« J'étais une machine, j'ai failli me briser » 

C'est une Lisa Vittozzi changée, plus mûre mais aussi plus dangereuse, qui s'apprête à défier le monde à Milan-Cortina.

Dans une interview vérité donnée à la Gazzetta dello Sport, la star italienne est revenue sans fard sur sa traversée du désert.

Après une blessure au dos qui l'a forcée à tout arrêter, elle a dû faire le deuil de son ancienne vie d'athlète pour survivre. Le récit d'une résurrection.

La chute : "Le moral est tombé très bas"

Le corps a ses limites que l'ambition ignore parfois. Vittozzi l'a appris à ses dépens.

Quand son dos a lâché, ce n'était pas seulement une douleur physique, c'était un effondrement mental.

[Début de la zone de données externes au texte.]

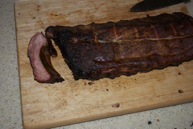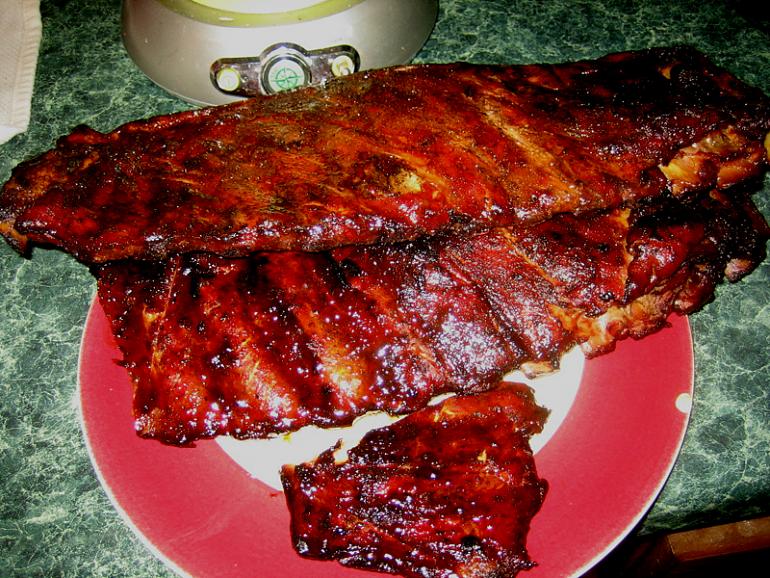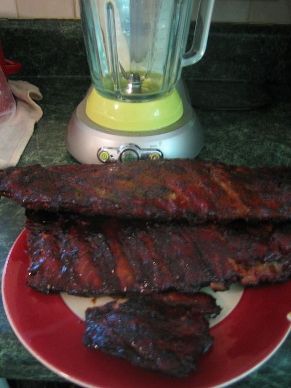 pack 3 racks in there. I bought a dozen racks and might get three more on Mon. Pictures speak for themselves. I ended up using sauce on exactly one and a half racks. Landlady got one, I got one, will bring one to work. First time I ever put sauce on a rack of ribs. Over-cooked, btw. |

« J’ai ressenti que mon dos ne me permettait plus de m’entraîner... Et forcément, en sachant que je ne pourrais pas revenir en compétition, le moral est tombé très bas », confie-t-elle.

L'addition salée : "J'étais une machine"

C'est la phrase choc de cet entretien. Lisa Vittozzi ne s'est pas ménagée durant des années, jusqu'à l'implosion. Elle admet aujourd'hui avoir payé le prix fort de son obstination.

« Avant, je ne l’écoutais pas vraiment, j’étais une machine qui allait toujours à fond.

Aujourd’hui, je prends le temps de me reposer quand il le faut, parce que le corps et l’esprit finissent toujours par te présenter l’addition. »

"Je deviens une tigresse"

Mais ne croyez pas que cette sagesse nouvelle a éteint sa flamme. Au contraire.

À l'approche des Jeux olympiques à la maison, Vittozzi annonce la couleur. La "machine" est morte, vive la "Tigresse" !

« À la maison je suis quelqu’un de très simple, mais quand je porte un dossard, je me transforme. En course, je deviens une tigresse », prévient-elle.

La concurrence est avertie : pour Milan-Cortina, la prédatrice est de retour.

« Les moments difficiles font grandir plus que les moments positifs. » C'est avec cette certitude qu'elle aborde le plus grand défi de sa carrière : gagner l'Or devant son peuple.